Work instruction
Your copy should hold the lines below from the first through the one that contains "2024 nueva chaqueta", each retyped exactly, and no pictures.

Records from a dataset:
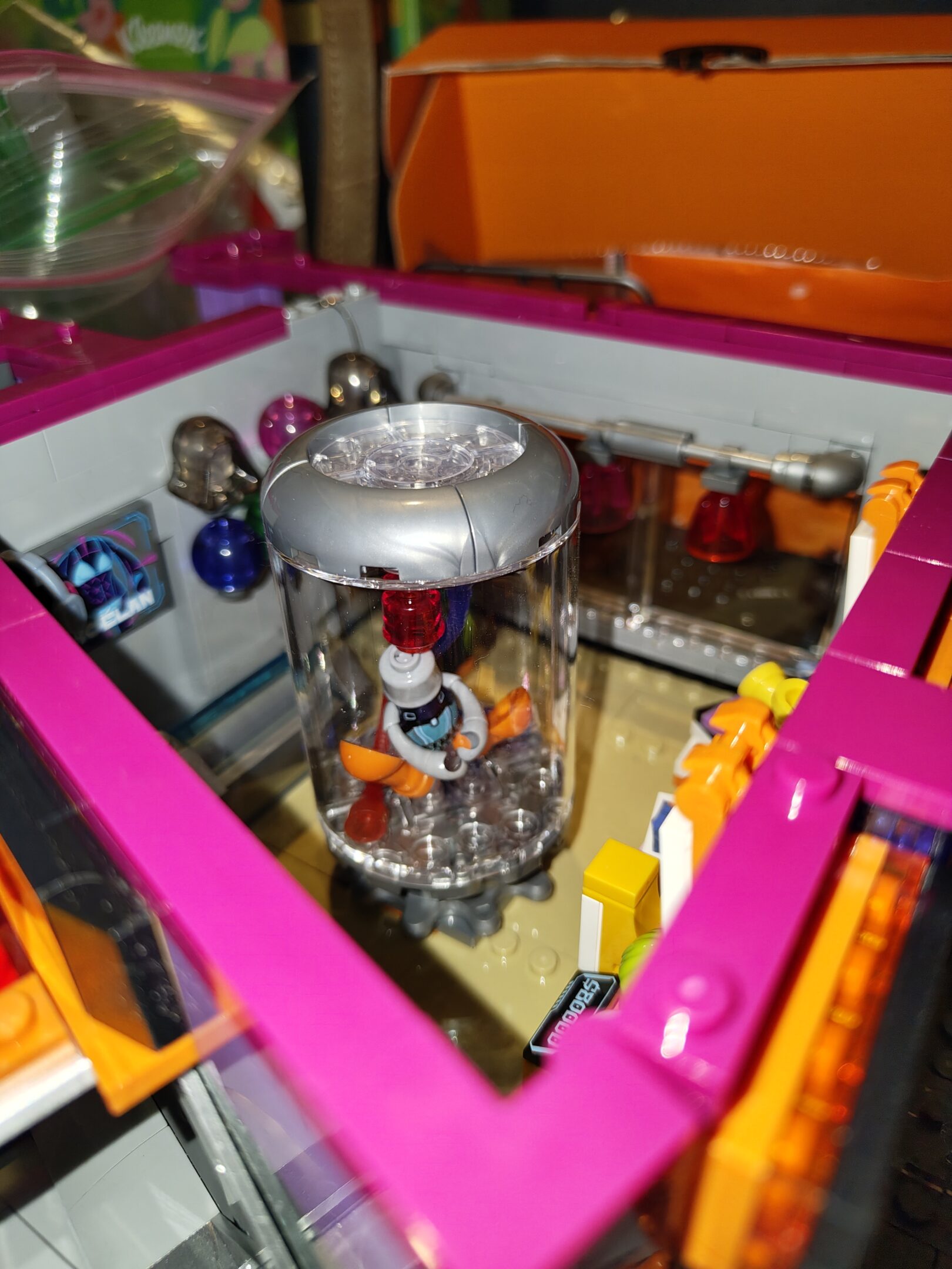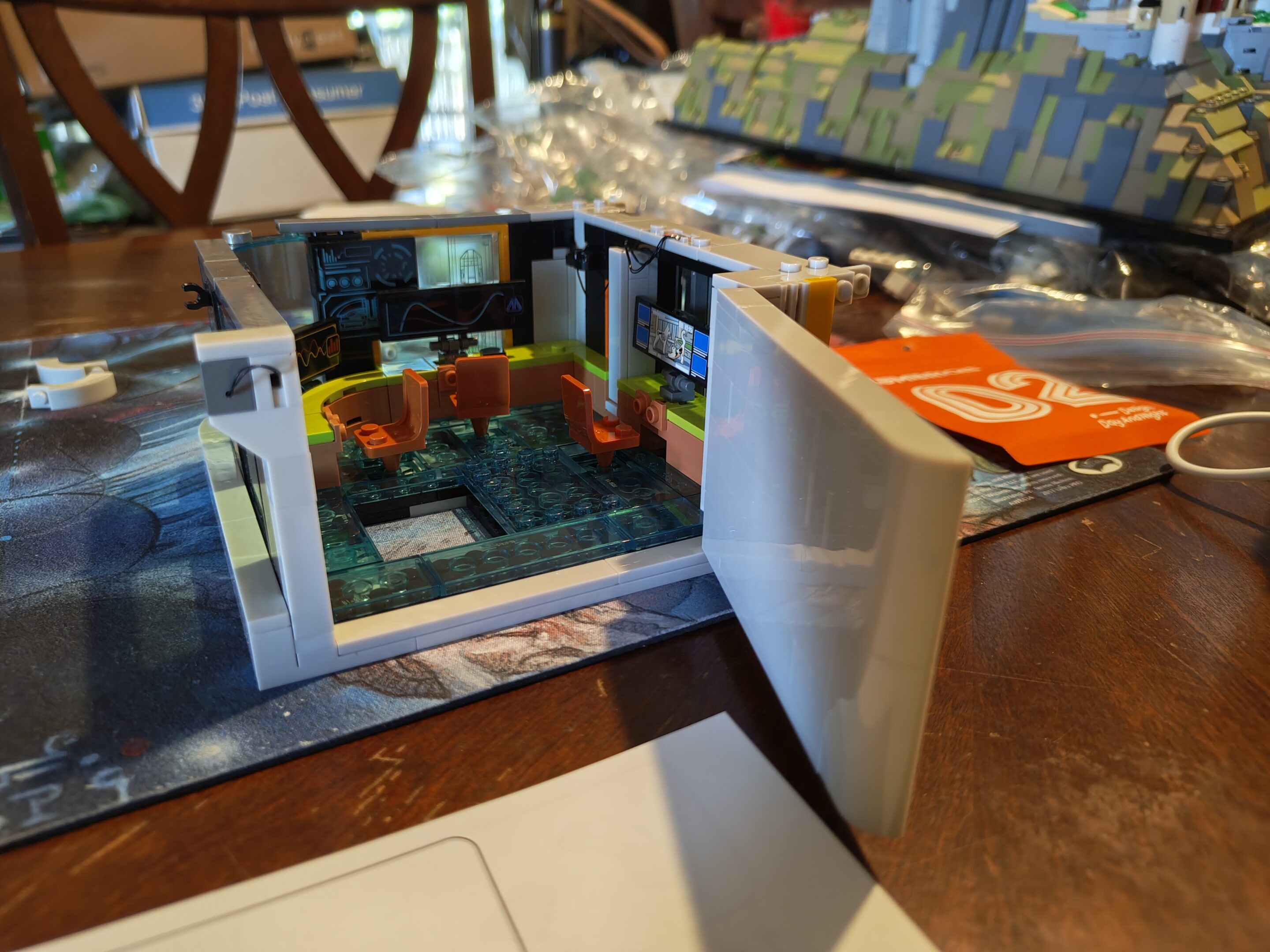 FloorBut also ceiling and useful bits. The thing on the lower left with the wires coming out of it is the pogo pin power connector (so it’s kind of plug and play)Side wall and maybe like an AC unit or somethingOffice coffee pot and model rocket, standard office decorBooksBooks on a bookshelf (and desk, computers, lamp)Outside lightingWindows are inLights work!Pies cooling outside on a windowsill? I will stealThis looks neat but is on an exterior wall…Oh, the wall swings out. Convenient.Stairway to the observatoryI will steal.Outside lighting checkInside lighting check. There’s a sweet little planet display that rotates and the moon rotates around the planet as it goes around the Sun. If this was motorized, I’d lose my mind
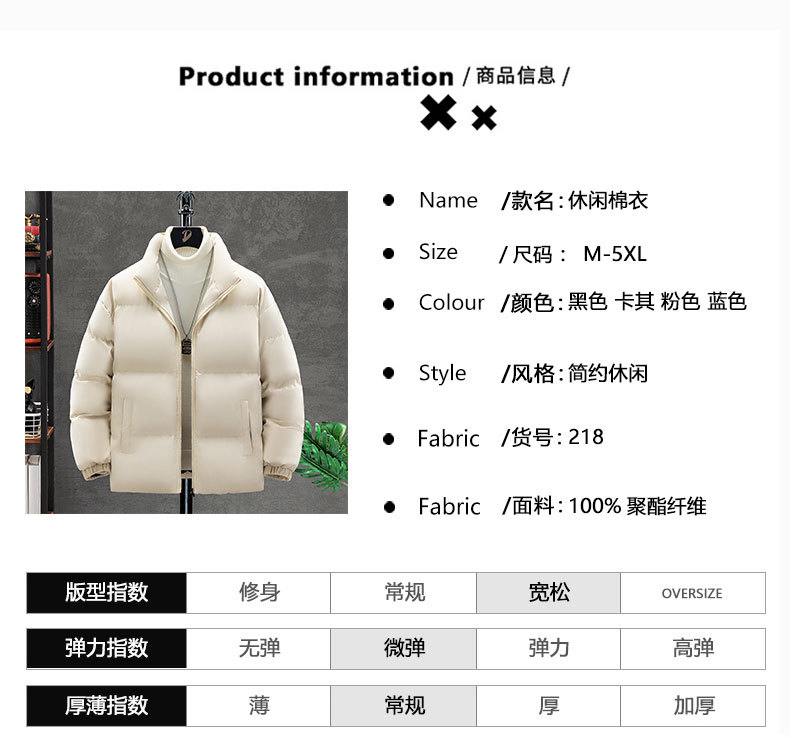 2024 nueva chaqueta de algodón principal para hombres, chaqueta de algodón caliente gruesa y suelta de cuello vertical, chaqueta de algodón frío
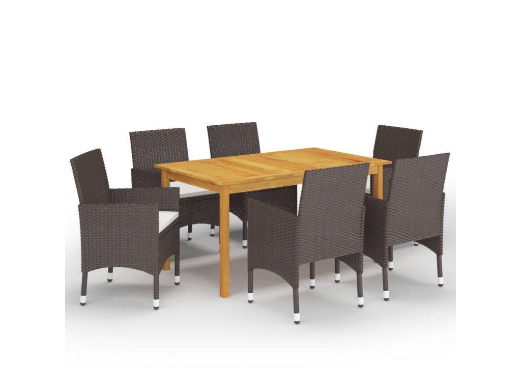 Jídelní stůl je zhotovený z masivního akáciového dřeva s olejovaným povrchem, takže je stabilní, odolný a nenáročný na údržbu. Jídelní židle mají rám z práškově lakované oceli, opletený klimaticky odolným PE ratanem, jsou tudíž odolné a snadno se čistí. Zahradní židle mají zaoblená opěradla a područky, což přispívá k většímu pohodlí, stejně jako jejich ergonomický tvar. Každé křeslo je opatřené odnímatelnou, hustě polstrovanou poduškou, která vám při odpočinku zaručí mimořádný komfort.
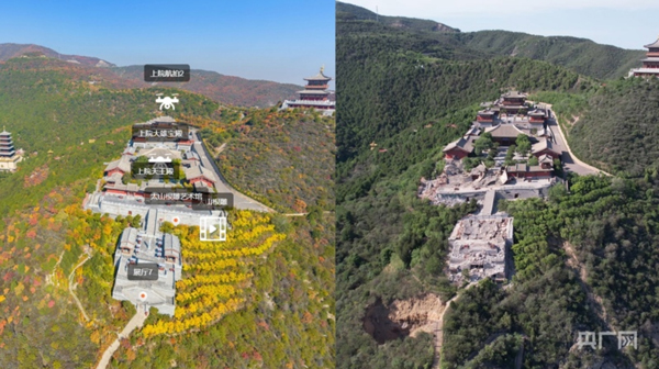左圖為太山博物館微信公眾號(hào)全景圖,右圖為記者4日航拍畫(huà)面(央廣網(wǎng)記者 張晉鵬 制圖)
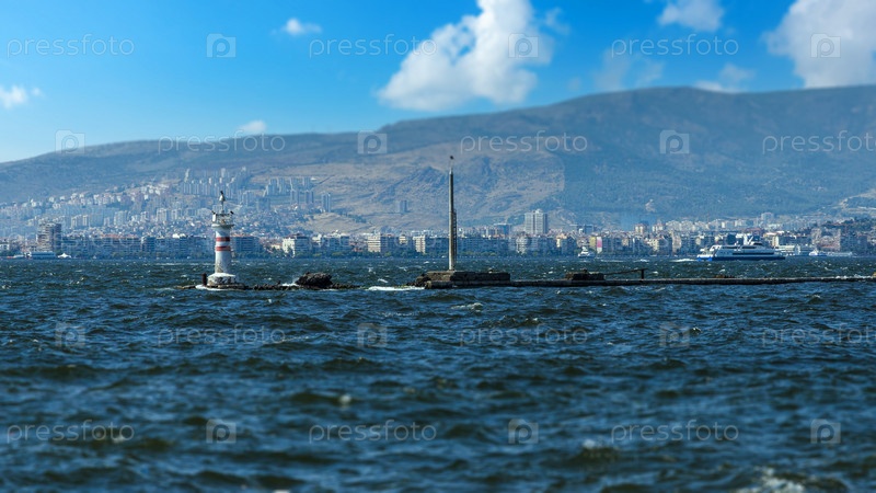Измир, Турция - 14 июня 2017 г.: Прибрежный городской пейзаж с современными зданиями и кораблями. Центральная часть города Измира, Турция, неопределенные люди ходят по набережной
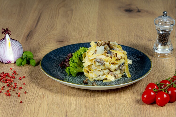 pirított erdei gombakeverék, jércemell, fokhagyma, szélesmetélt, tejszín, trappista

Solution to the exercise
 FloorBut also ceiling and useful bits. The thing on the lower left with the wires coming out of it is the pogo pin power connector (so it’s kind of plug and play)Side wall and maybe like an AC unit or somethingOffice coffee pot and model rocket, standard office decorBooksBooks on a bookshelf (and desk, computers, lamp)Outside lightingWindows are inLights work!Pies cooling outside on a windowsill? I will stealThis looks neat but is on an exterior wall…Oh, the wall swings out. Convenient.Stairway to the observatoryI will steal.Outside lighting checkInside lighting check. There’s a sweet little planet display that rotates and the moon rotates around the planet as it goes around the Sun. If this was motorized, I’d lose my mind
 2024 nueva chaqueta de algodón principal para hombres, chaqueta de algodón caliente gruesa y suelta de cuello vertical, chaqueta de algodón frío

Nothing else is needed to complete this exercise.